🕌 Automating mosque seat bookings
This is one of those projects born out of genuine frustration. Our mosque uses an online seat allocation system for major events. Bookings go live at staggered times based on your registration tag, and seats fill up fast — especially the good ones. Missing the window by a few minutes can mean the difference between sitting together as a family or being scattered across the hall.
So naturally, I automated it.
Reverse-engineering the API
The booking system doesn’t have public API documentation, so I started by reverse-engineering it. I spent time inspecting network requests in the browser dev tools and documented the entire API: events, seat allocations, booking, cancellation, and swaps. The result is a knowledge base document that maps out every endpoint, request format, and response structure.
The system works on a tag-based staggered window model — different groups get access at different times, creating a natural queue. Understanding this was key to timing the automation correctly.
The automation
The script itself is relatively simple — a Python polling loop that checks every 15 seconds whether booking has gone live for a specific user tag. Once it detects that the window is open, it sends notifications via macOS alerts and Mailgun emails so I can jump in and book immediately.
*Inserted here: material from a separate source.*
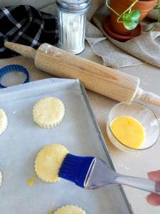 Arrange the scones on the baking tray lined with parchment paper, brush with a beaten egg, and bake in the preheated oven for 15 minutes. Allow the scones to cool slightly before serving.

It’s deliberately not a fully automatic booker (I still pick the seats myself) — it’s more of a “never miss the window” alarm system. The real value was in understanding the API well enough to know exactly when to act.
Why I like this project
It’s scrappy, it solves a real problem for my family, and the process of reverse-engineering an undocumented API is always satisfying. The knowledge document I wrote while figuring out the API — mapping out every endpoint and edge case — ended up being more interesting than the script itself.
Tech: Python, Mailgun API, macOS notifications.